I will listen this one


----------



## Haydn man (Jan 25, 2014)

Rogerx said:


> I spin this one.


And the same for me


----------



## Enthusiast (Mar 5, 2016)

I'll go for this one ...


----------



## Merl (Jul 28, 2016)

Rogerx said:


> I spin this one.


Me too. That's a killer.


----------



## Haydn man (Jan 25, 2014)

Yes, a very pleasant symphony and enjoyed it all the way, not earth shattering or intense but no matter
Good for a Saturday morning with the sun shining and lockdown ongoing
I would describe it as Mozart with a dash of add France especially in the orchestral climaxes. Melodies galore throughout


----------



## DaddyGeorge (Mar 16, 2020)

I look forward to this recording:


----------



## D Smith (Sep 13, 2014)

I'll listen to the Iceland recording as well.


----------



## Enthusiast (Mar 5, 2016)

A delightful work. I listened to Marriner as well as Lubbock and actually the Marriner is better.


----------



## Joachim Raff (Jan 31, 2020)

cougarjuno said:


> I don't believe this one has been on Saturday Symphonies before, as it's not on the list. A bright, pleasant and charming work by Gounod, known more for his operas but who wrote two well-crafted symphonies. You may hear a lot of similarities to the symphony by Bizet who used the Gounod as a model. There's lots of recordings of the work but I'll go with Marriner and the Academy of St. Martin in the Fields -- a great match for this piece.

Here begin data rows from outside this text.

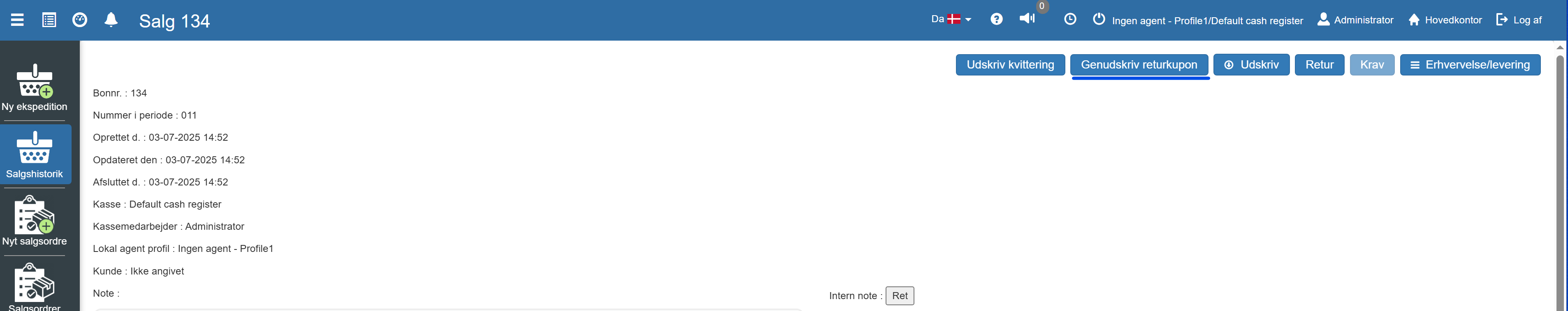 Genudskriv af tilgodeseddel kan nu foretages fra Salgshistorik.
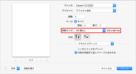 - カスタム用紙サイズを使用してフチなし印刷を行う場合は、[用紙サイズ]の[カスタムサイズを管理...]で[プリントされない領域]の値をすべて0mmに設定したカスタム用紙サイズを作成し、[ページ加工]の[ロール紙の幅に合わせる]で[オン(フチなし)]を選んでください。
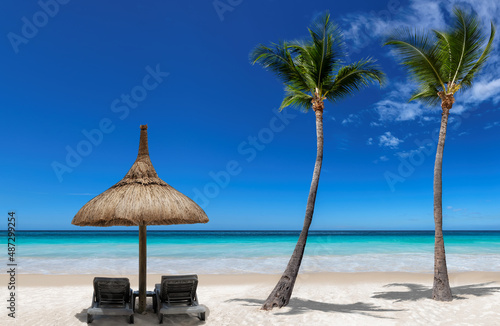 Chairs and umbrella in sunny tropical Palm Beach and turquoise sea. Summer vacation and tropical beach concept.
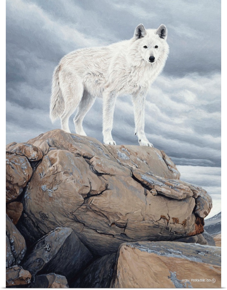 <p>A white wolf stands on a rock face.</p>
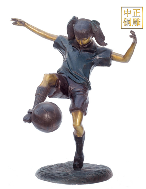 校園中踢足球銅雕塑非常受同學(xué)的喜愛,足球是目前全球體育界具有影響力的單項體育運動,有“世界運動”的美譽,它主要是用腳云支配球,也可以用頭胸等部位輔助觸球,而守門員可以在己方禁區(qū)內(nèi)用手或臂觸球,兩個隊伍各11人在同一場地內(nèi)進行攻守?,F(xiàn)如今足球運動已成為人們生活中不可缺少的組成部分,一場精彩的足球比賽已成為電視節(jié)目的重要內(nèi)容,可以吸引數(shù)以億計的觀眾。
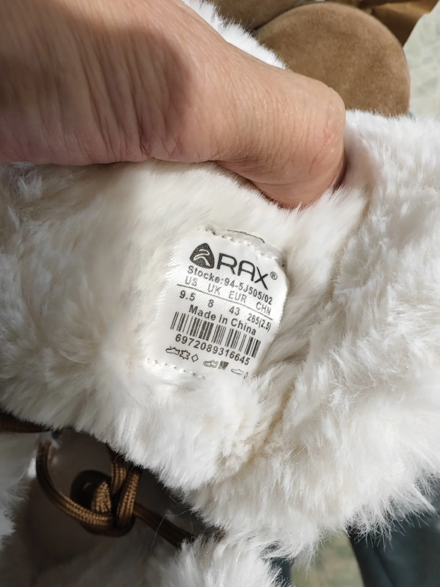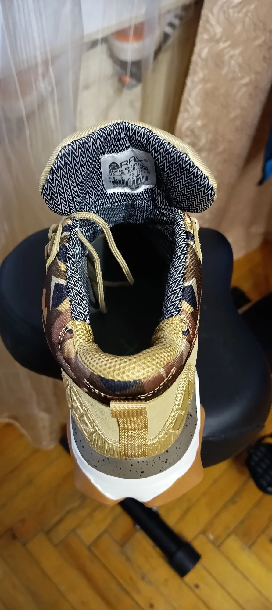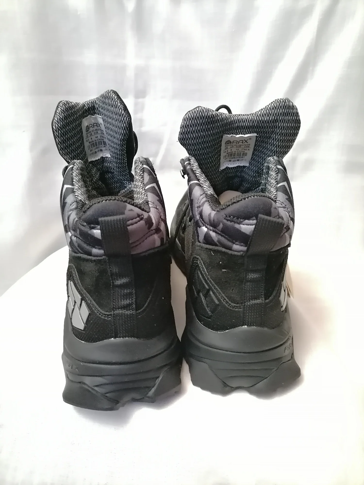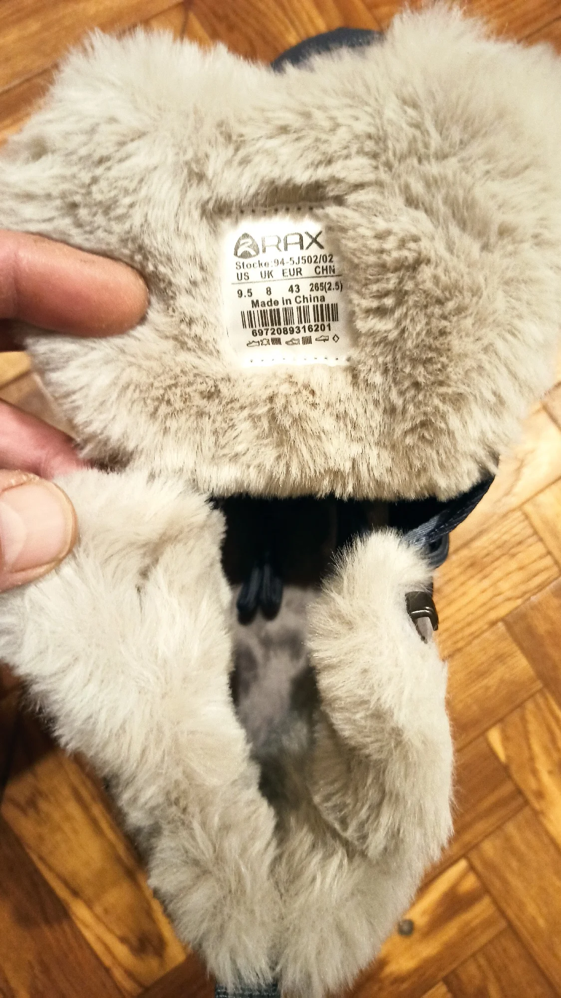 Признаться честно, я первый раз покупаю для себя RAX но много наслышан об этом бренде. И у друга есть летние кросовки RAX он очень доволен. Вот и я захотел стать доволным, и заказал себе обувь на зиму. 18 ноября заказал 25 получил, просто прекрасно. Когда распокавал два фирминых пакета и увидел обувь, сразу же промелькнуло в голове что они классные, и я не ошибся, мех очень мягкий, нежный такой, сами кросовки очень лёгкие, и ноге в них приятно. По квартире походил всё нравится, на улице ходить ещё жарко, думаю тепые будут. Нога у меня 27 см брал 43, и не прогодал, но я ношу зимнию обувь на летний носок, и мне кросовки почти в притык, но не жмут. Для тех кто на шерстяной носок носит, лучше взять на размер болше.

Yes, I am listening to the same recording. A delightful work. Totally unoffensive. Pure music that does not need alot of thinking about. Just listen and enjoy. So much better than last weekend's choice.


----------



## DaddyGeorge (Mar 16, 2020)

Very pleasant, "readable" work. I've been listening to more Bruckner lately, so this symphony seemed quite short to me ...


----------



## Simplicissimus (Feb 3, 2020)

I'll go with Hogwood/St Paul Chamber Orchestra, 1989, Decca.


----------